Numerical and experimental analysis of LBE flow and heat transfer characteristics in hexagonal rod bundles

Abstract

Lead-bismuth eutectic (LBE) is a liquid with low Prandtl number and high thermal conductivity, generally used as the coolant in lead-cooled fast reactors of Generation-IV. The traditional Reynolds analogy is not appropriate for LBE, hence the theoretical analysis and experimental measurements are studied to interpret the flow and heat transfer of LBE in this article. In this way, a single-rod experiment on flow and heat transfer for LBE is performed and a new empirical correlation is fitted.

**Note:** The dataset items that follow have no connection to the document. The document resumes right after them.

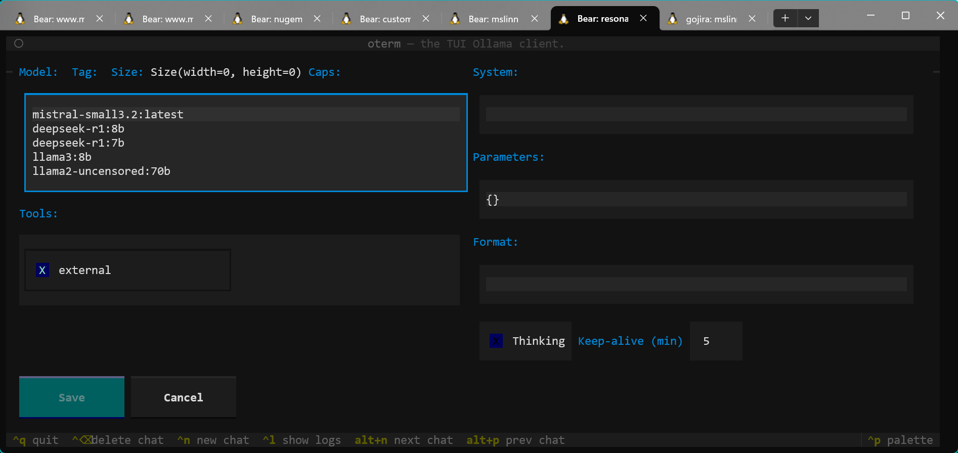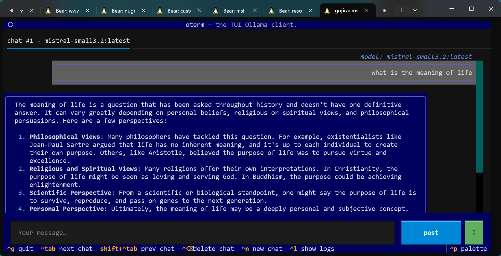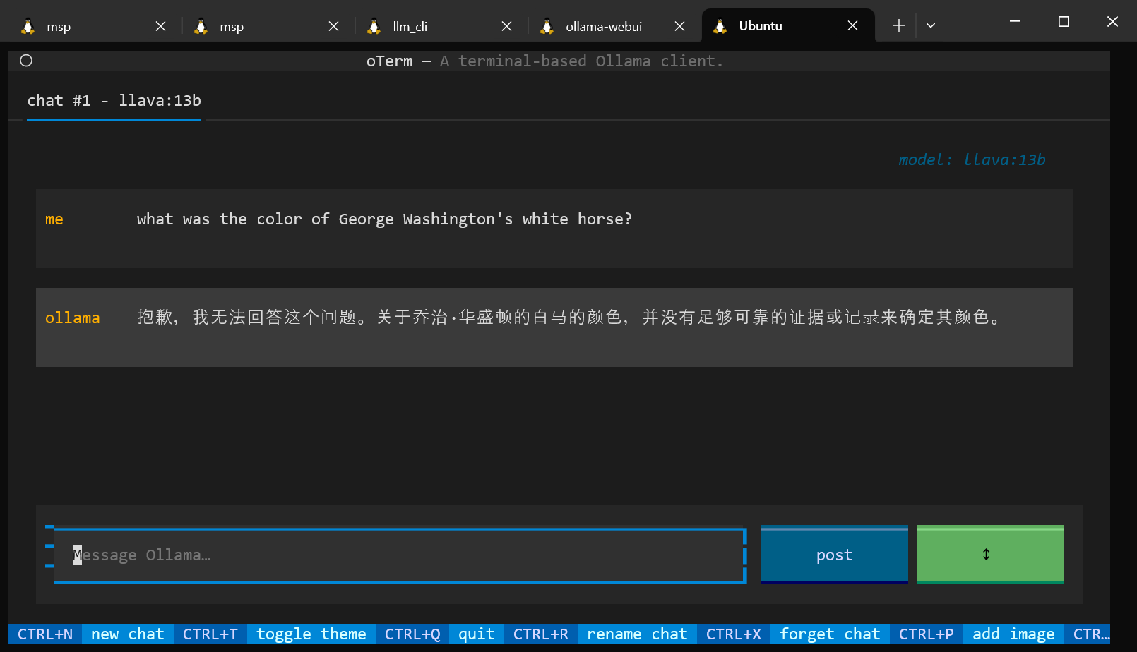 $ oterm --config EnvConfig( │ ENV='development', │ OLLAMA_HOST='localhost:11434', │ OLLAMA_URL='http://localhost:11434', │ OTERM_VERIFY_SSL=True, │ OTERM_DATA_DIR=PosixPath('/home/mslinn/.local/share/oterm'), │ OPEN_WEATHER_MAP_API_KEY='' )
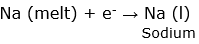 At anode: 2Cl- (melt) → Cl2 (g) + 2e-
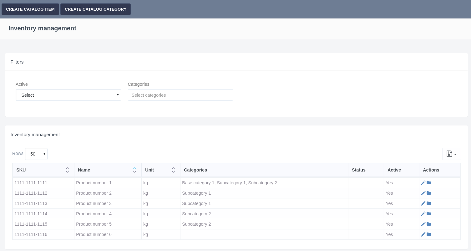 On the page you can filter the catalog products by Activity: Yes / No and by Category - the selection is available.
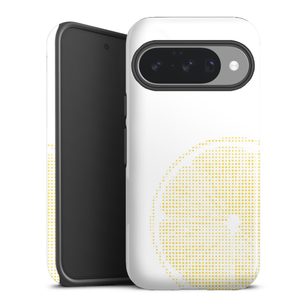 Bei dieser Handyhülle nutzen wird den besonders langlebigen Sublimationsdruck. Dieses raffinierte Druckverfahren sticht durch sein hochwertiges, gestochen scharfes Druckbild in brillanten Farben hervor. Der Druckbereich umfasst die ganze Hartschale inklusive der Ecken und Kanten, lediglich der Silikon-Einleger bleibt einfarbig schwarz. Wähle für Dein Design entweder eines unserer exklusiven Shop-Motive, oder werde kreativ und gestalte Dein Wunschdesign zum Beispiel mit Fotos und Overlays selbst.
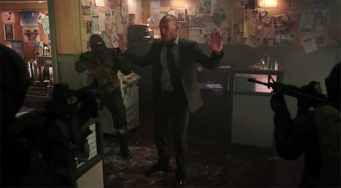 So, the Arrow Season 4 trailer is a thing and it was awesome. And now, for those of you who would like to see still frames, we have nearly 200 screen captures for you from the promo, so you can get better looks at such things as – spoiler warning! –  Damien Dahrk, John Constantine, Sara’s resurrection, Speedy, the Green Arrow costume, Diggle’s new look, Mr. Teriffic’s magic flying balls, and much more. Even Amanda Waller shows up! Guest stars like JR Bourne, Echo Kellum and Jeri Ryan also show up in the promo. We see the Kord Industries logos are showing up again – but still no Ted Kord.
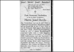 37 J.; ∞ 9.11.1938 Johanna Scholten aus Empel; 1 K.; Opfer des 2. Weltkrieges: Tod (nach längerem Leiden) durch Rauchvergiftung, welche er sich bei Bombenangriff zugezogen hatte |
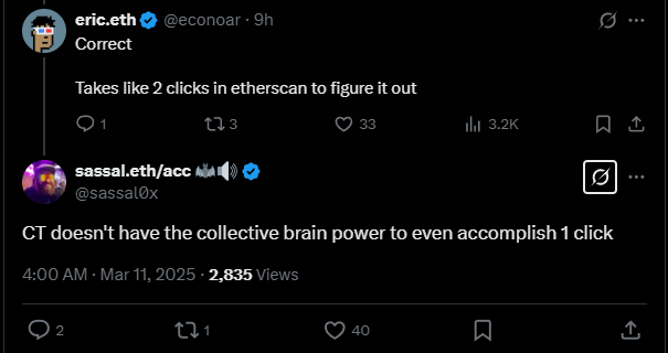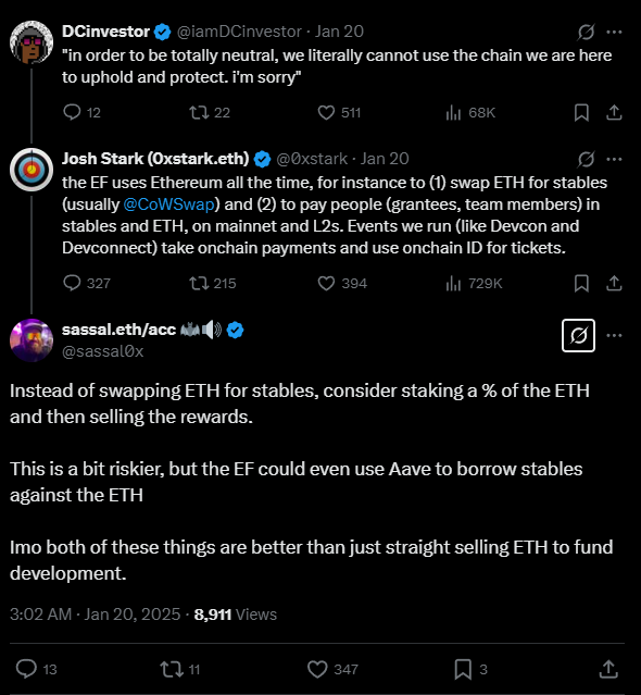 Conner, for example, said in late January 2025 that the EF’s number one use case of the second-largest chain is to “dump ETH.”
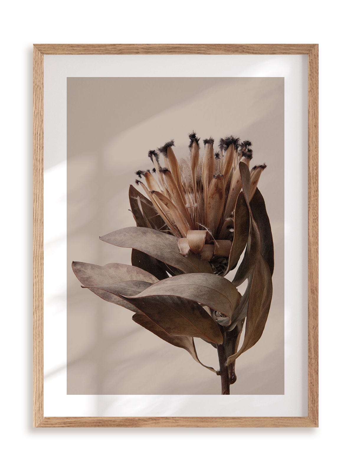 Plakat jest oprawiony w ramkę drewnianą o prostym, eleganckim profilu.
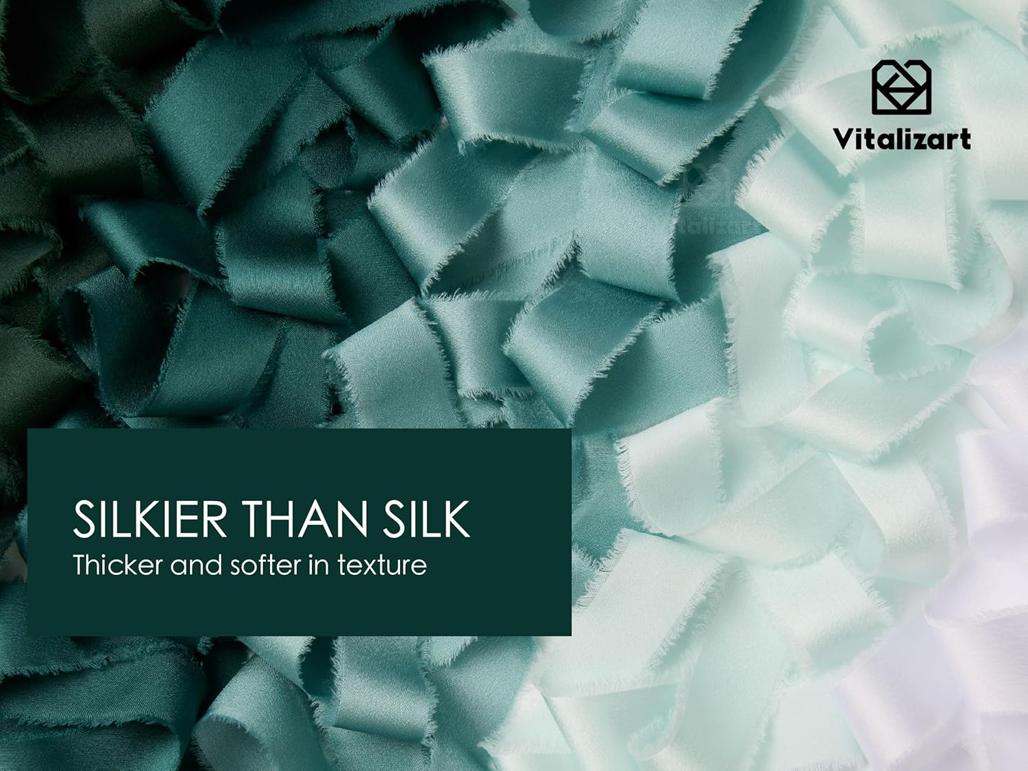 Vitalizart Silk Like Satin Ribbon 1 inch x 25 Yard Green & Sage Handmade Frayed Ribbons for Gift Wrapping Baby Shower Wedding Bridal Bouquets Holiday Decor
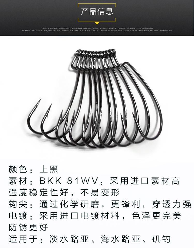 BKK黑金刚9003宽腹曲柄钩路亚软虫钩软饵钩鱼钩鲈鱼鳜鱼石斑专用
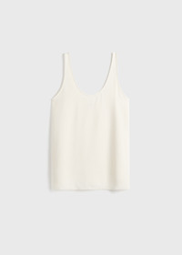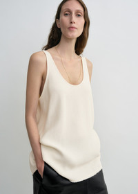 Designer’s note: “What sets this TOTEME Garderob tank apart is its understated scoop neckline and elongated silhouette, elevated by the rich texture of the sable fabric and the raw, frayed hem. Equally stylish when worn tucked or untucked, we imagine it in macadamia white as part of bohemian summer looks and in black for evening edits." Details & Fit - Macadamia - Raw hem - Mid-weight sable with a soft texture and fluid drape - 100% viscose - Dry clean - Style number 252-WRT0510-FB0240 - The model is 181cm/511 tall and wears a size 36 - Relaxed fit, low armholes and long silhouette
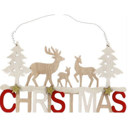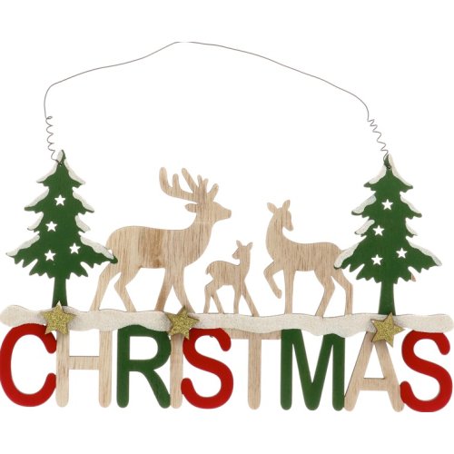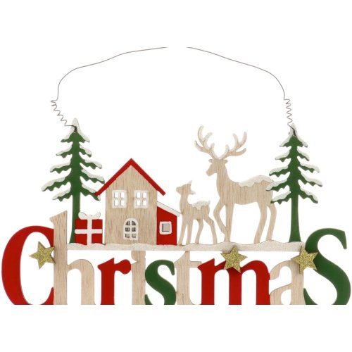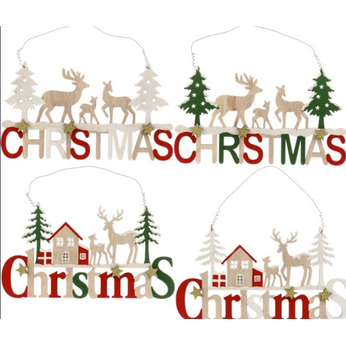 NATALE- DECORAZIONE IN LEGNO SCRITTA CHRISTMAS- COLORI ASSORTITI 25CM

To analyze the behavior of flow and heat transfer for low Prandtl number fluids, and also to validate the turbulence model and new correlation in the hexagonal rod bundles. The CFD simulations are performed for the XJTU 7-rod bundle, the KIT 19-rod bundle, and the ENEA 37-rod bundle based on ANSYS Fluent. The convective heat transfer coefficient of LBE, the temperature of heating wall at different sub-channels, and the temperature non-uniformity are investigated in this paper, to reveal the flow and heat transfer characteristics of LBE. The results show that the deviations of the section averaged Nusselt number are in 25%, and the deviations of the local temperature of LBE and heating wall are in 10℃. Grid spacers will result in a 30% rise in the section averaged Nusselt number, which will improve the turbulent intensity and heat transfer. Temperature non-uniformity is reduced as the Peclet number is increased. The validations demonstrate that the new empirical correlation provides accurate convective heat transfer coefficient predictions for LBE flow and heat transfer in hexagonal rod bundles with a relative derivation in 20%, which can be used as a reference for additional LBE simulations and experiments.